Kenya has formally exited the Common Market for Eastern and Southern Africa (COMESA) Sugar Safeguard regime, ending a 24-year period of protective measures and marking a significant policy milestone for the country’s sugar industry.

In a statement released on Saturday, Kenya Sugar Board (KSB) CEO Jude Chesire said the safeguard, which lapsed on November 30, 2025, had achieved its intended purpose, and Kenya is now positioned to compete effectively within the regional market.

“The Government of Kenya has formally exited the COMESA Sugar Safeguard regime after 24 years, marking a decisive and confident transition for the country’s sugar industry,” Chesire said.
“The safeguard had fully achieved its objective as a temporary, reform-driven instrument to stabilize and restructure the sector.”

From Protection to Competitiveness

Chesire emphasized that the exit should not be seen as a risk to the industry. Rather, it reflects a strengthened and well-managed sector supported by clear policy direction.

“This transition reflects strength, not vulnerability. Kenya’s sugar industry is stable, well-managed, and supported by clear policy direction. The move signals readiness to compete within a structured and fair regional market.”

The focus of policy is shifting from protection to competitiveness, with increased emphasis on value addition, efficiency, and diversification. Sugarcane is increasingly viewed as an industrial raw material, with potential for value in products such as ethanol, electricity from bagasse, paper, board, and industrial alcohols.

KSB is already supporting millers to diversify by-products, strengthening cash flows and improving farmer payments.

Strong Recovery in Production

Kenya’s sugar subsector has recorded notable recovery, with sugarcane acreage expanding by 19.4%, from 242,508 hectares to 289,631 hectares. Sugar production also increased 76%, from 472,773 metric tonnes in 2022 to 815,454 metric tonnes, driven by favorable rainfall, improved access to certified seed cane, and fertiliser subsidy interventions.

While national demand stands at approximately 1.1 million metric tonnes annually, domestic production is increasingly aligned with consumption. However, Chesire noted that capacity expansion, factory rehabilitation, and newly leased mills will take time to reach full potential, making continued imports necessary.

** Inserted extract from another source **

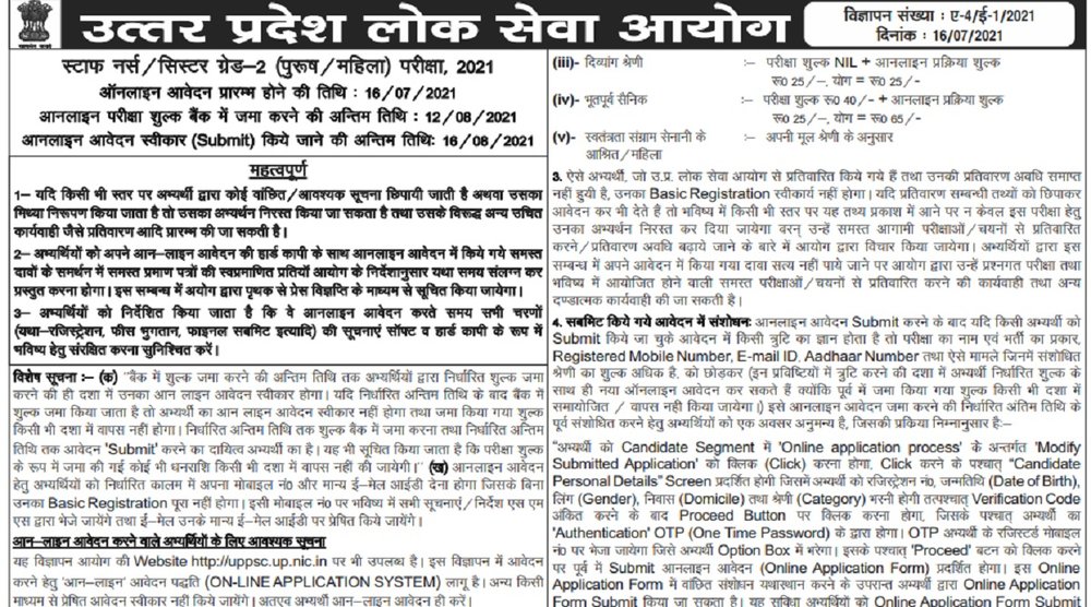 ऑनलाइन आवेदन तभी स्वीकार किए जाएंगे जब शुल्क जमा करने की निर्धारित अंतिम तिथि अर्थात 31 अगस्त तक बैंक में निर्धारित शुल्क जमा किया जाएगा। भर्ती अभियान का उद्देश्य स्टाफ नर्स / सिस्टर ग्रेड -2 की कुल 3012 रिक्तियों को भरना है, जिनमें से 341 पद पुरुष उम्मीदवारों के लिए और 2671 महिला उम्मीदवारों के लिए हैं। उत्तर प्रदेश लोक सेवा आयोग (UPPSC) के स्टाफ नर्स / सिस्टर ग्रेड -2 (पुरुष / महिला) के पदों पर आवेदन करने के लिए उम्मीदवारों की न्यूनतम आयु 21 वर्ष एवं अधिकतम आयु 40 वर्ष होनी चाहिए। आरक्षित वर्ग के उम्मीदवारों को नियमानुसार छूट प्रदान की जाएगी।
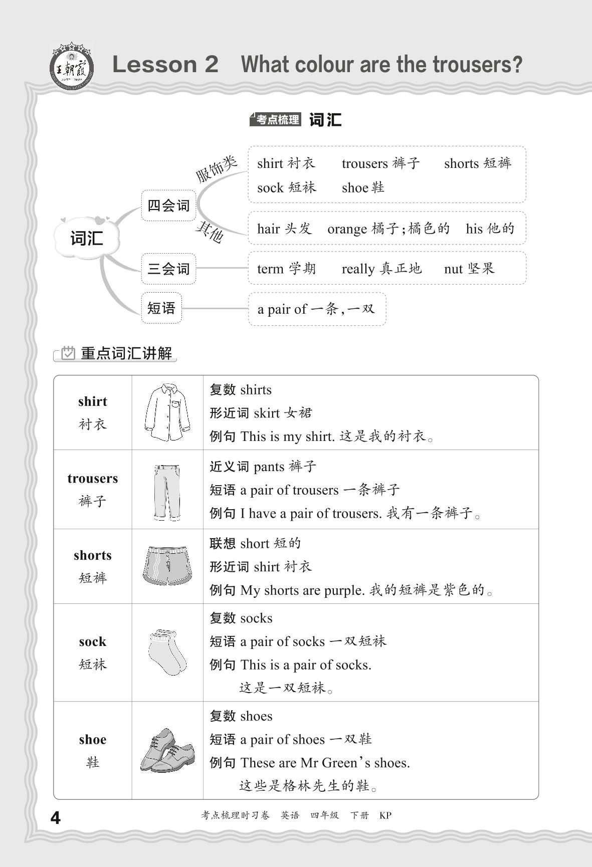 2024春下册四年级英语科普版 考点梳理手册——Lesson 2 What colour are the trousers?

“Kenya will continue to responsibly supplement local supply through imports from both the COMESA region and other approved sources. This approach ensures price stability, food security, and market certainty without undermining local production.”

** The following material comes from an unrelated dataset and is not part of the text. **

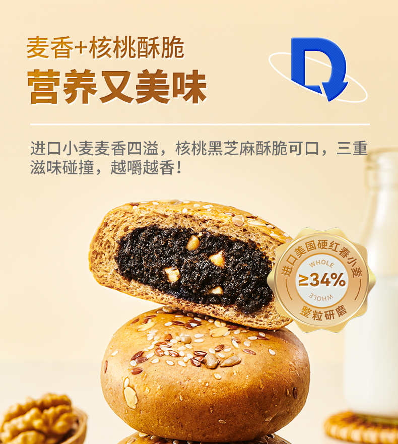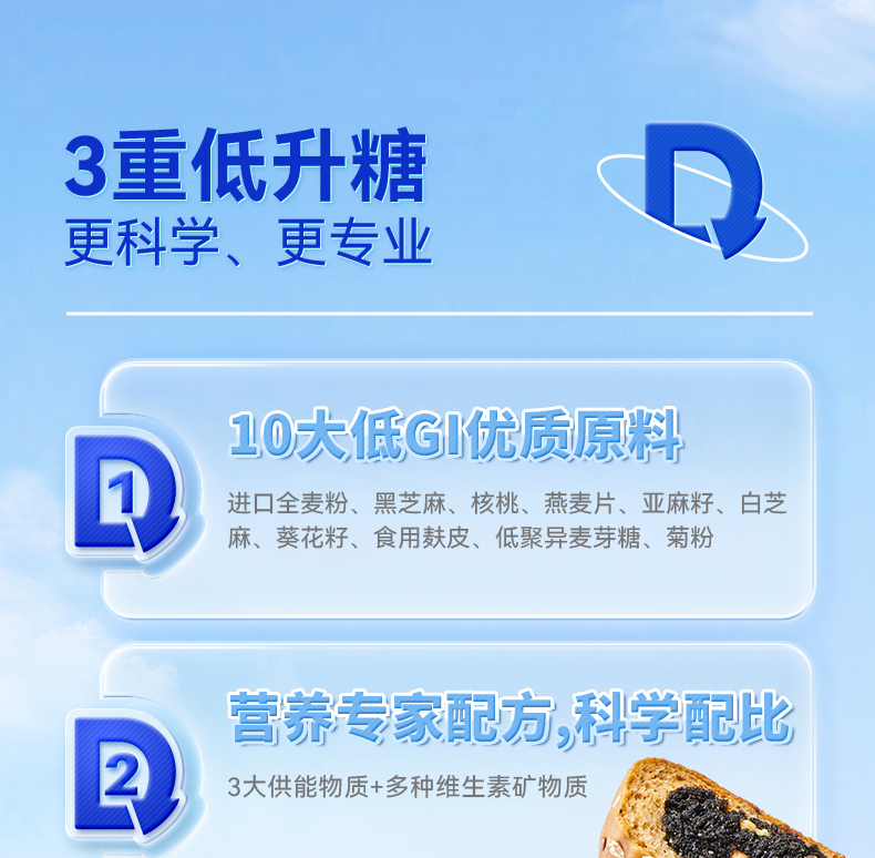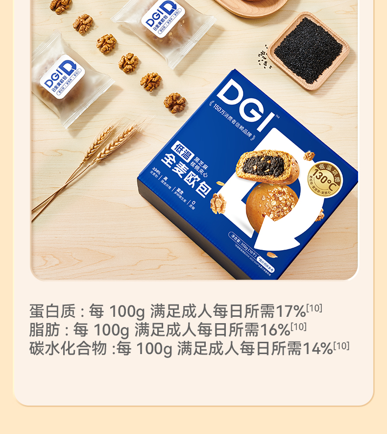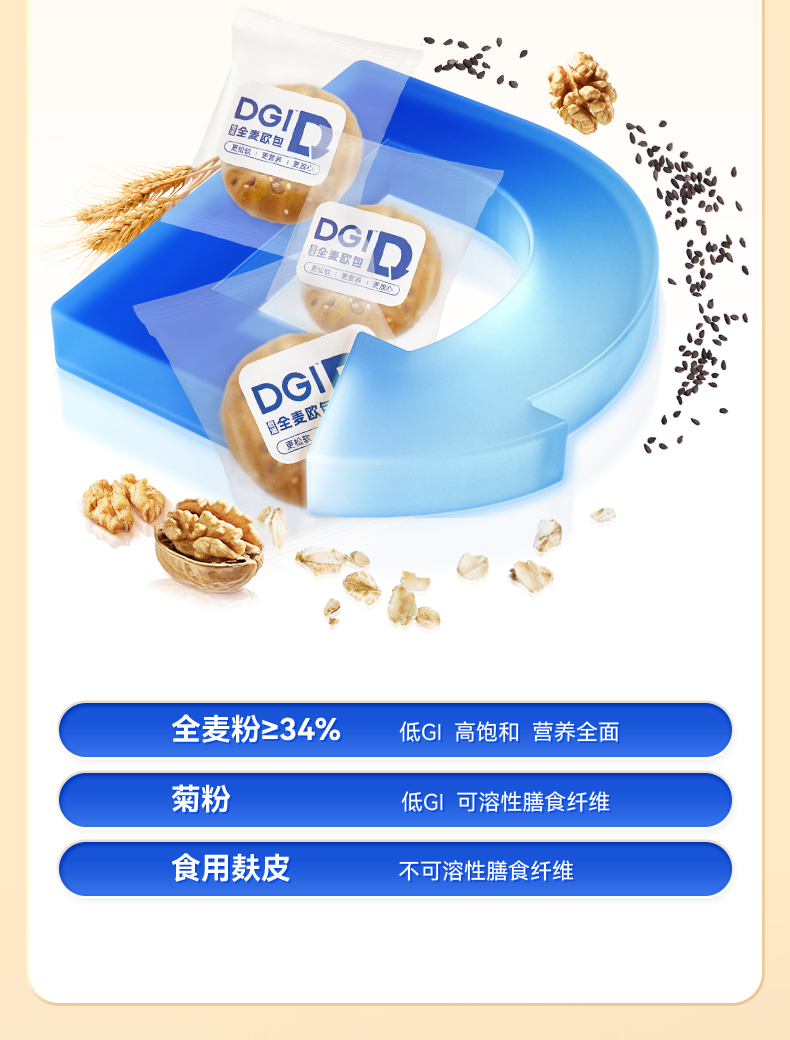 【DGI】低GI夹心欧包非全麦无糖精糖友健康代餐营养早餐孕妇零食面包330g
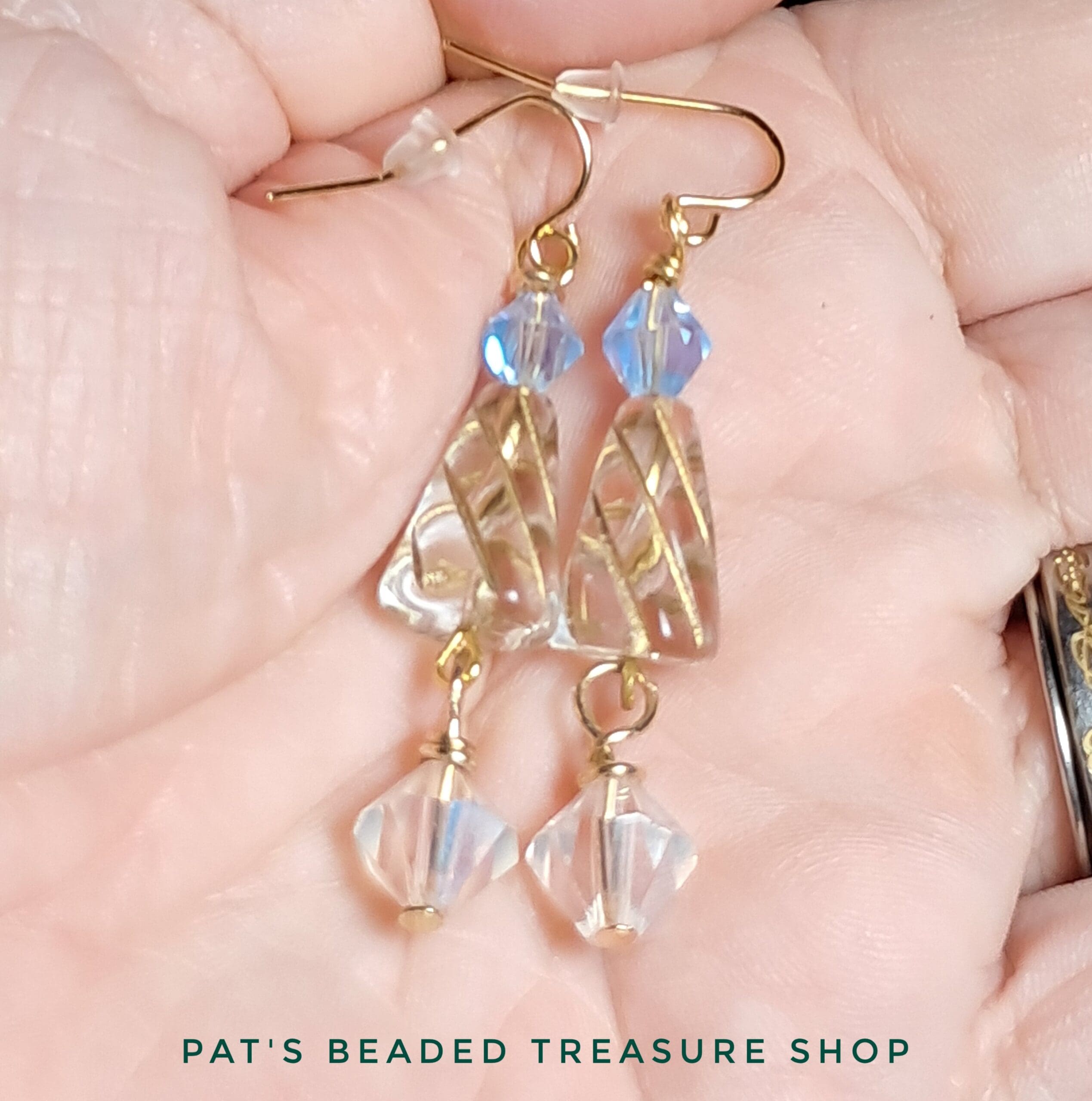 These sparkling handcrafted earrings feature clear faceted glass beads paired with golden wire-swirled trapezoid glass beads, creating a timeless and graceful design. A soft hint of blue from the accent beads adds a subtle pop of color and sophistication. The lightweight dangle style makes them ideal for both casual wear and special occasions, adding just the right amount of shimmer and movement.

He also cited climate variability as a factor affecting output, with dry spells temporarily reducing production while good rainfall boosts yields. Despite these challenges, the medium-term outlook remains strong, with Kenya expected to meet and eventually surpass domestic demand, positioning itself for surplus production and regional exports.

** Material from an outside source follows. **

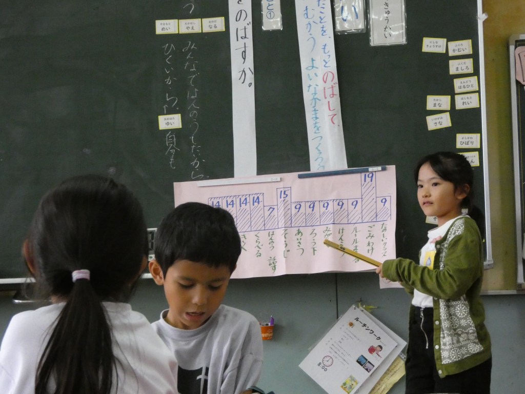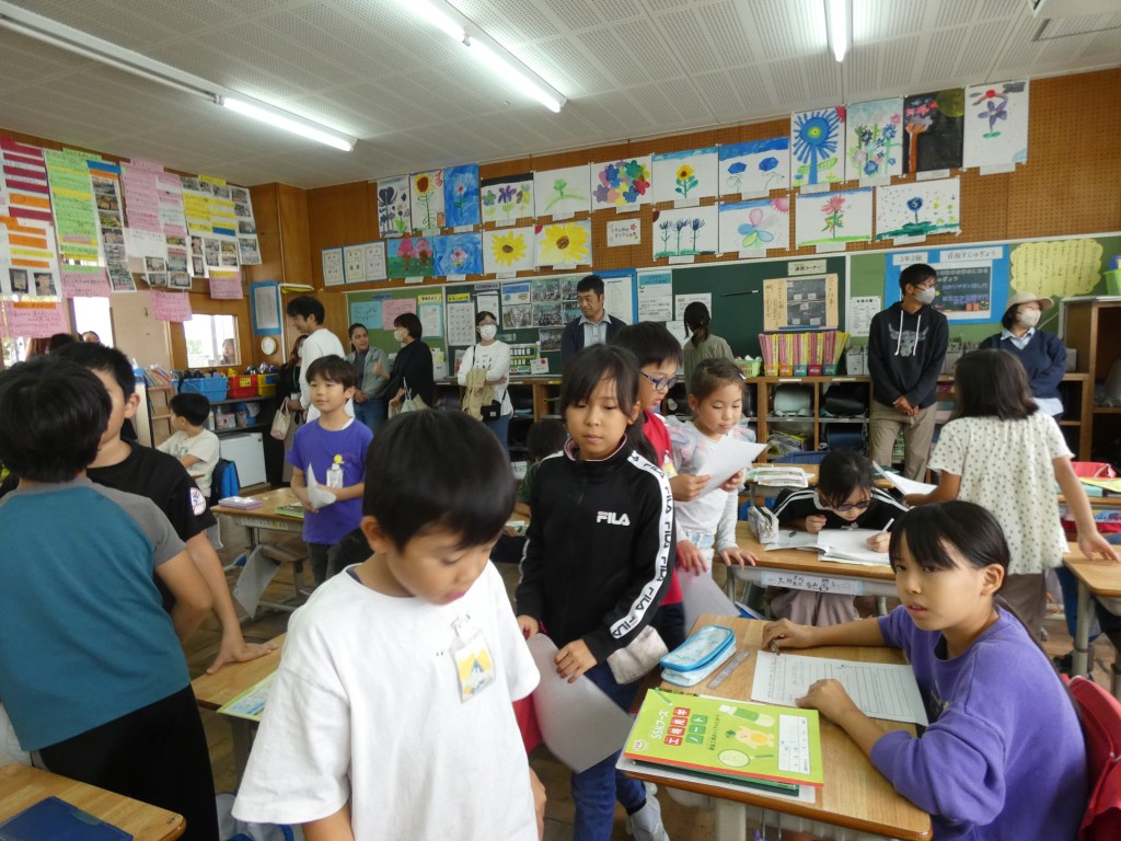 突然の大雨に、吹く風も冷たい日となってしまいましたが、高学年の教室では、子供たちの元気な声と笑顔がある授業が行われていました。参観にきてくださった保護者の方も大勢いらっしゃり、子供たちの頑張る姿を見ていただくことができました。

Structural Reforms and Government Support

The sector has undergone deep and irreversible structural reforms, including the long-term private leasing of former state-owned sugar mills to enhance efficiency, professionalism, and accountability. Chesire stressed that exiting the safeguard does not mean the withdrawal of government support.

“The exit from the safeguard aligns with the reform trajectory already underway and reinforces certainty in the operating environment,” he said.

Kenya first introduced the Sugar Safeguard in 2001 under Article 61 of the COMESA Treaty, seeking time to implement structural reforms. Over 24 years and eight extensions, the safeguard was governed by strict benchmarks set by the COMESA Council of Ministers all of which have now been met.

“The conclusion of the safeguard marks the successful completion of a reform cycle, not its abandonment,” Chesire noted.

Kenya’s exit from the COMESA Sugar Safeguard is being hailed as a major policy milestone, signaling a confident shift towards a competitive, diversified, and sustainable sugar industry in the region.